Scheduler DB — Scheduling#
Why Cassandra#
Scheduled notifications are 20% of total volume:
1M writes/sec rules out relational DBs (PostgreSQL/MySQL cap around 10-50K writes/sec) and MongoDB (similar ceiling under update-heavy workloads). Cassandra handles 100K-200K writes/node — 1M/sec needs ~10 nodes, well within range.
Access Pattern — Not By User, By Time#
This is the critical insight that drives the entire schema. The scheduler's query is never:
"Give me all scheduled notifications for user X"
It is always:
"Give me all notifications that are due right now — across all users"
This is a fundamentally different access pattern from the notifications table. Partitioning by user_id here would mean the scheduler has to hit every partition in the cluster to find due notifications — a full scatter-gather at every poll. At 1M notifications stored across hundreds of partitions, that's hundreds of DB calls every second just to find what's due.

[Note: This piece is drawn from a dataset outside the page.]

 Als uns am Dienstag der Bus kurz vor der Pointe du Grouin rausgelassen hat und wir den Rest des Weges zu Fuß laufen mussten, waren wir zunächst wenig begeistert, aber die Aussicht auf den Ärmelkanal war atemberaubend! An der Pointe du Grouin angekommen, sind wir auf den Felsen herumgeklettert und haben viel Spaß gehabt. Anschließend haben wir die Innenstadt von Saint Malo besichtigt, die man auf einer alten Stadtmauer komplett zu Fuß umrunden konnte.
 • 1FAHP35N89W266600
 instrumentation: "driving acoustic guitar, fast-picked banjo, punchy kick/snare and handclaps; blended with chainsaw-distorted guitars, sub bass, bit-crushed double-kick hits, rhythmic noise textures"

The partition key must be time-based.
Partition Key — Minute Bucket#
Why not exact timestamp? If scheduled_at is the partition key with full timestamp precision (e.g. 2026-04-19 09:00:03.421), every notification lands on its own partition. Millions of tiny partitions, each with one row. Cassandra's overhead per partition makes this extremely inefficient.

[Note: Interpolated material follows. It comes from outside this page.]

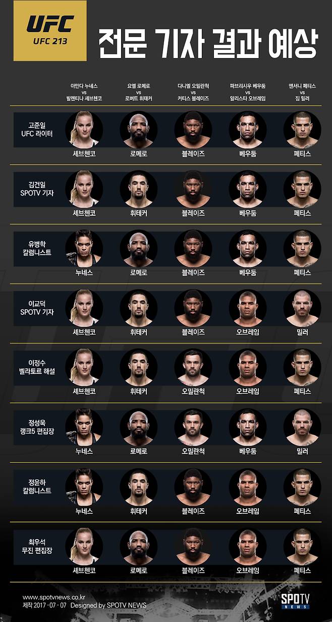 ■ UFC 213 계체 결과
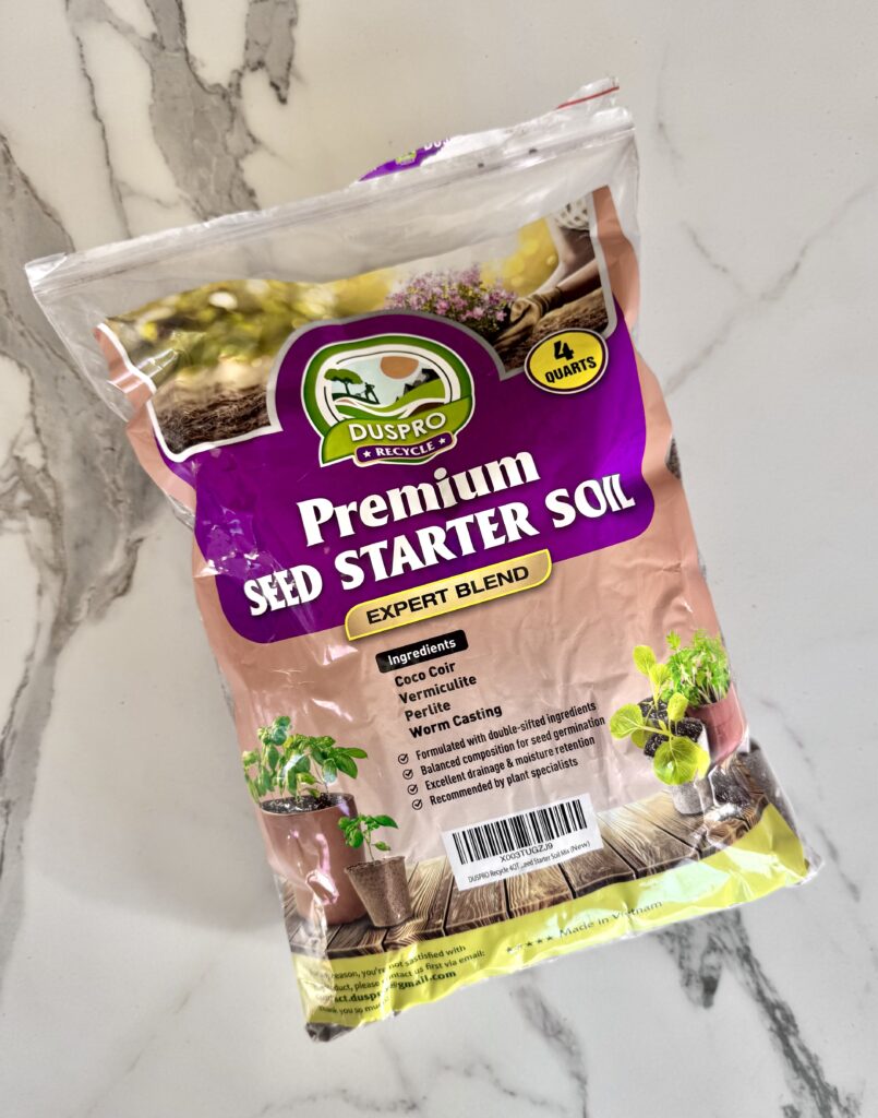 Seed Starting Mix: I usually buy my seed starting mix at Home Depot, but this one on Amazon is a solid option. You will want a seed starting mix (not a potting mix!–common mistake), because it won’t contain twigs or rocks that can prevent seeds from spouting.

Why not hour bucket? hour_bucket = "2026-04-19-09" groups all notifications due between 9am and 10am on the same partition. At first glance this seems fine — but a marketing campaign scheduled for 9:00am puts 10M notifications in the same partition simultaneously. Hot partition.
Why minute bucket works: minute_bucket = "2026-04-19-09-00" groups all notifications due within the same minute. Fine enough to spread load across 60× more partitions than hour buckets, coarse enough to avoid millions of single-row partitions.

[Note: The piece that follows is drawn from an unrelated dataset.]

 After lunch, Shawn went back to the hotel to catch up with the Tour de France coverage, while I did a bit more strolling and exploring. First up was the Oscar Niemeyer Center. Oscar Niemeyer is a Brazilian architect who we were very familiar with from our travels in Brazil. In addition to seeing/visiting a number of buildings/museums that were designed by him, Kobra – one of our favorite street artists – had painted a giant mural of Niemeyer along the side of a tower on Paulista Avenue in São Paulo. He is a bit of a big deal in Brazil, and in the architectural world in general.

Scheduler queries one minute bucket at a time:
SELECT * FROM scheduled_notifications
WHERE minute_bucket = '2026-04-19-09-00'
AND scheduled_at <= now()
One partition read — no scatter-gather.
Clustering Key — scheduled_at ASC#
Within a minute bucket partition, rows are sorted by scheduled_at ascending. The scheduler reads from the earliest due notification to the latest — a sequential disk read. Efficient range scan.
Schema#
CREATE TABLE scheduled_notifications (
minute_bucket TEXT, -- e.g. '2026-04-19-09-00'
scheduled_at TIMESTAMP,
notification_id UUID,
user_id UUID,
channel TEXT, -- PUSH / SMS / EMAIL
template_data TEXT, -- JSON blob
created_at TIMESTAMP,
PRIMARY KEY (minute_bucket, scheduled_at, notification_id)
) WITH CLUSTERING ORDER BY (scheduled_at ASC, notification_id ASC);
notification_id is included in the primary key to avoid collisions — two notifications scheduled for the exact same millisecond would otherwise overwrite each other.
Common Trap — Partitioning by user_id
The instinct is to reuse the same partition key as the notifications table. But the access pattern here is "what's due now across all users" — not "what's scheduled for this user." Partitioning by user_id forces a full cluster scan on every scheduler poll. Always design the partition key around the query, not the entity.